We obtained 98% overall accuracy, which is very good. However, we just saw how the classification may vary quantitavively and qualitatively. Other parameters can be estimated to help with the interpretation of results, from an individual perspective. These are the producer and user accuracy. For example, in the image below (taken from Congalton & Green, 2009), the producer accuracy is estimated by dividing the total number of correct sample units in the “deciduous” category (i.e., 65) by the total number of deciduous sample units as indicated by the reference data (i.e., 75 or the column total). This division results in a “producer’s accuracy” of 87%, which is quite good. If we stopped here, one might conclude that although this classification appears to be average overall, it is more than adequate for the deciduous category. Drawing such a conclusion could be a very serious mistake. A quick calculation of the “user’s accuracy” is computed by dividing the total number of correct sample units in the “deciduous” category (i.e., 65) by the total number of sample units classified as deciduous (i.e., 115 or the row total) reveals a value of 57%. In other words, although 87% of the deciduous areas have been correctly identified as deciduous, only 57% of the areas called deciduous on the map are actually deciduous on the ground. The high producer’s accuracy occurs because too much of the map is labeled “deciduous”.

We can easily compute producers and users (also called consumers) accuracies with the below functions.
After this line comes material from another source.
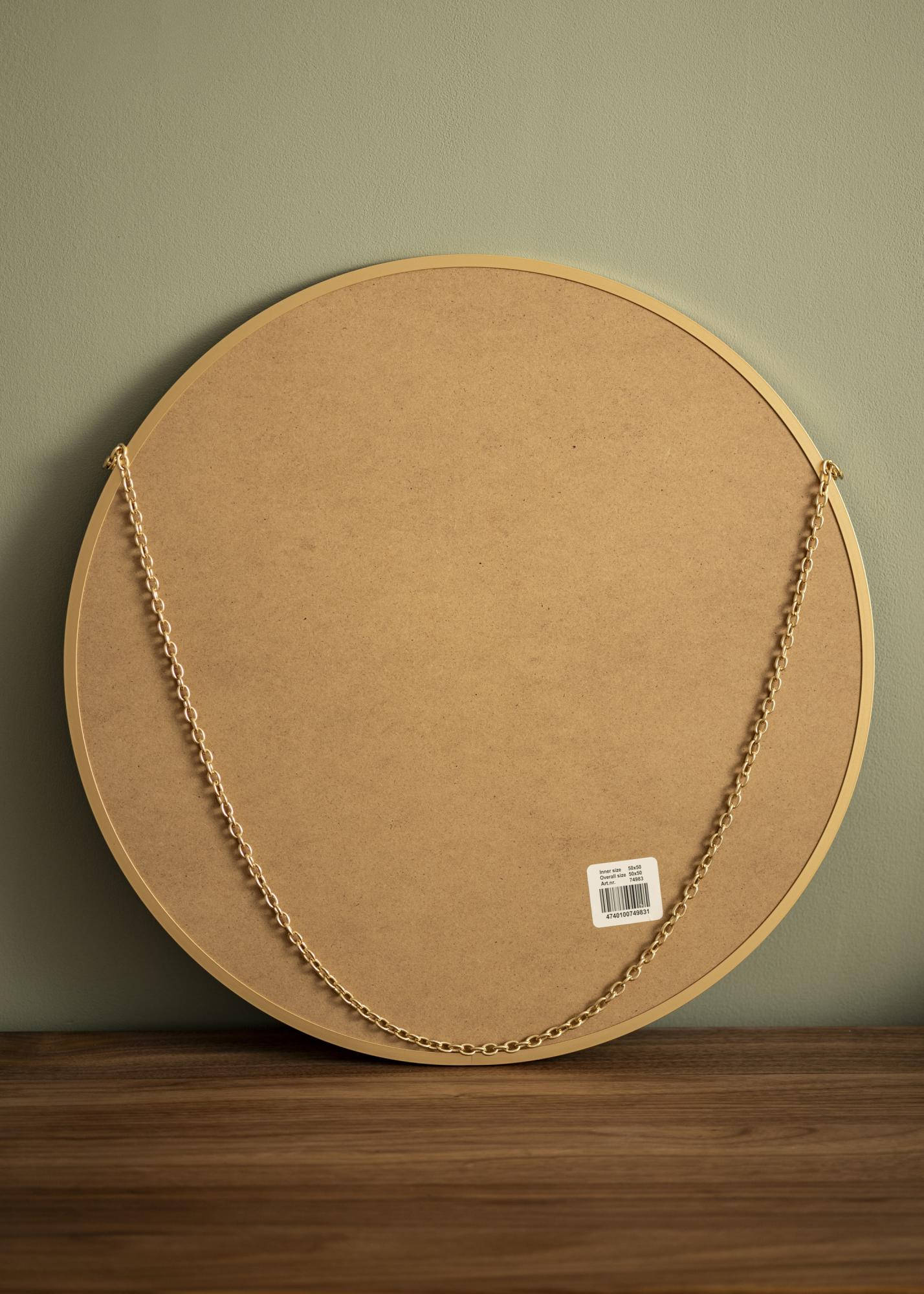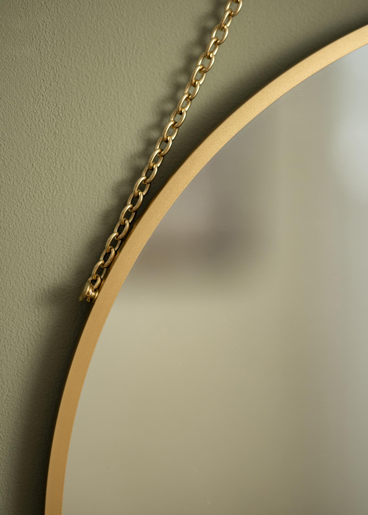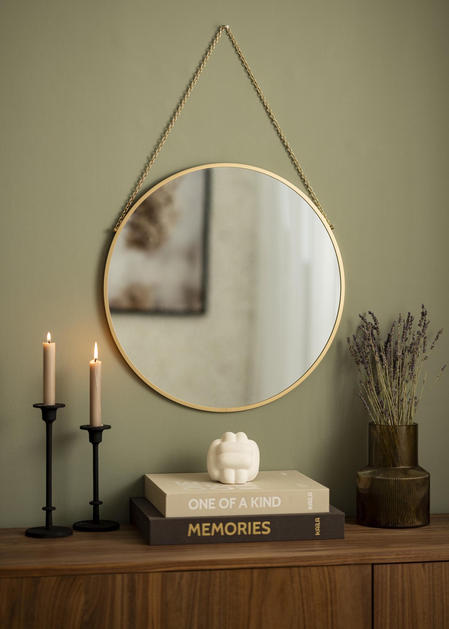 Neka ovo zidno ogledalo unese eleganciju u vaš dom! Ogledalo ima sofisticirani izgled s okruglim oblikom i tankim okvirom od samo 8 mm dubine. Nježni okvir izrađen je od metala i ima ekskluzivnu zlatnu boju. Elegantan dojam upotpunjuje zlatni lanac koji se koristi za vješanje.

print('year 1 Producers Accuracy [Testing Set]:', confusionMatrix.producersAccuracy());
print('year 1 Users Accuracy [Testing Set]:', confusionMatrix.consumersAccuracy());

// repeat above for year2 model accuracies

Which classes perform well? Which do not? Where do we have the worst comission error? Omission error?

Keep in mind that in a real-world modelling exercise, we may choose to train a single model on a variety of data, then use that model to make inferences. Here we trained two separate models for two different years and two different reference datasets.

Calculate Areas of Change

Now that we have two land cover classification maps for our two different years, we can calculate the areas of various land cover classes in each year see how those areas have changed. We do this using multiply() and sum() to get the area of each pixel with the value of 1 in square meters, sum them all up, and convert them to square kilometers.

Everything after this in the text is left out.